### Dataset extract

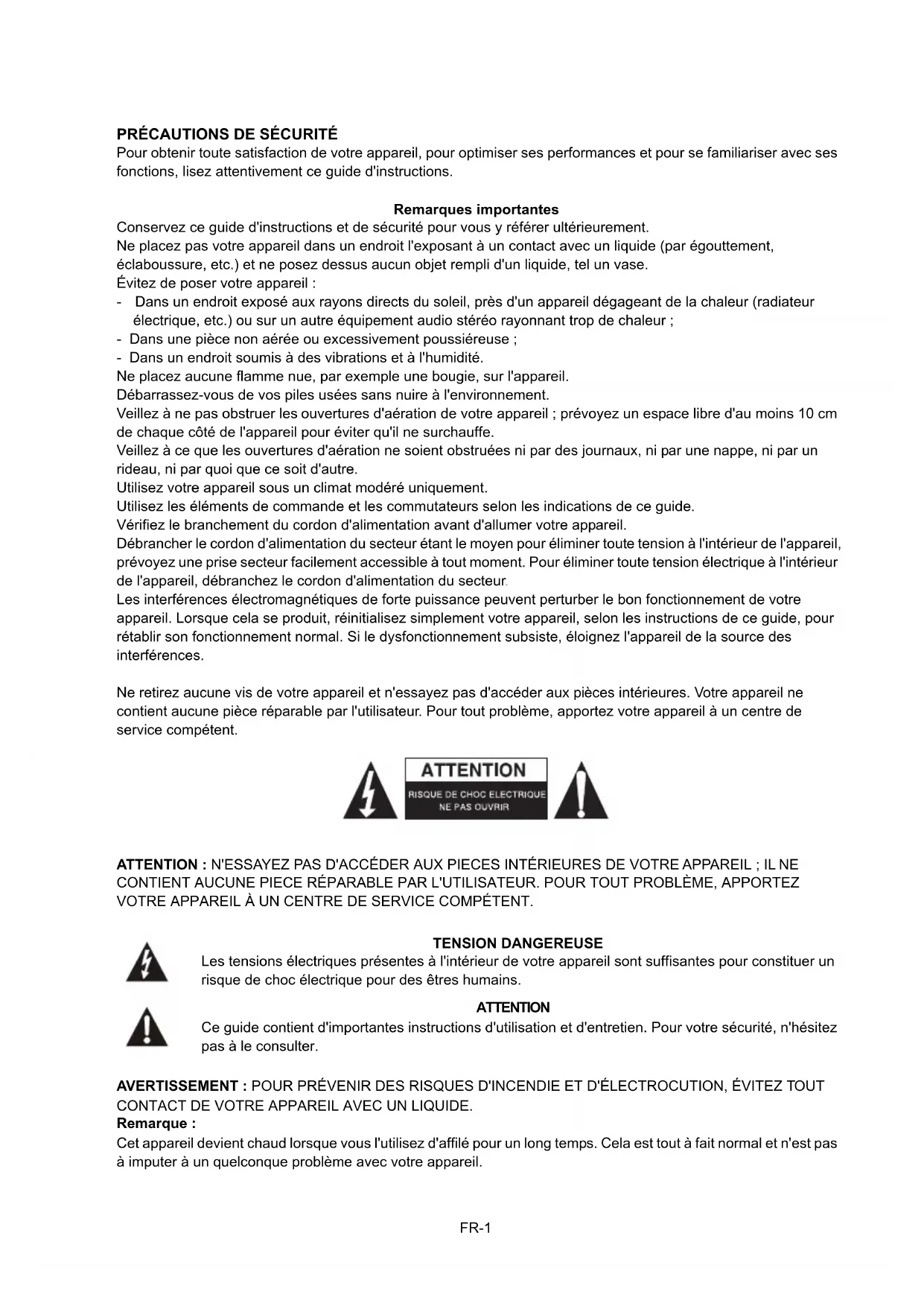 AVERTISSEMENT: POUR PRÉVENIR DES RISQUES D'INCENDIE ET D'ÉLECTROCUTION, ÉVITEZ TOUT CONTACT DE VOTRE APPAREIL AVEC UN LIQUIDE.
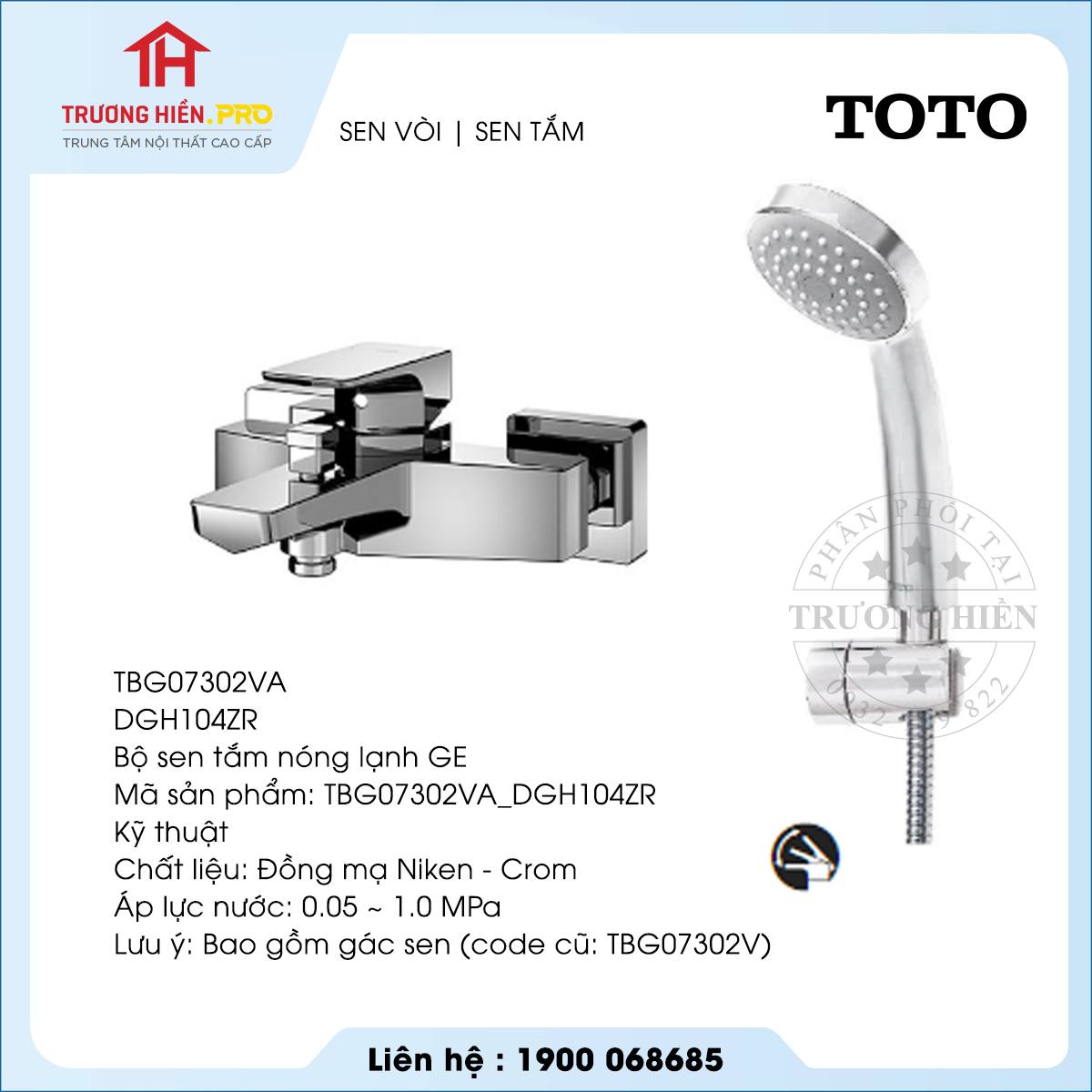 Thiết kế hiện đại hài hòa với dòng sản phẩm GE, thân van bằng đồng thau. Sen tắm TOTO nóng lạnh TBG07302V/DGH104ZR là bộ sen tắm kết hợp giữa củ sen TBG07302V hiện đại kiểu dáng khỏe khoắn và bát sen massage DGH104ZR mang đến cảm giác thoải mái cho người dùng, đây là sản phẩm hoàn hảo mà TOTO muốn đem đến gia đình bạn.
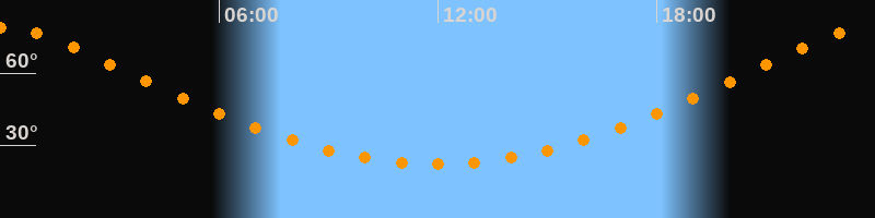 | Höchster Stand (Kulmination) | 23:58 Uhr (h = 79°) |

### Task goal
From the first line to the last, write out the data exactly, dropping any pictures.

### Exercise result
 AVERTISSEMENT: POUR PRÉVENIR DES RISQUES D'INCENDIE ET D'ÉLECTROCUTION, ÉVITEZ TOUT CONTACT DE VOTRE APPAREIL AVEC UN LIQUIDE.
 Thiết kế hiện đại hài hòa với dòng sản phẩm GE, thân van bằng đồng thau. Sen tắm TOTO nóng lạnh TBG07302V/DGH104ZR là bộ sen tắm kết hợp giữa củ sen TBG07302V hiện đại kiểu dáng khỏe khoắn và bát sen massage DGH104ZR mang đến cảm giác thoải mái cho người dùng, đây là sản phẩm hoàn hảo mà TOTO muốn đem đến gia đình bạn.
 | Höchster Stand (Kulmination) | 23:58 Uhr (h = 79°) |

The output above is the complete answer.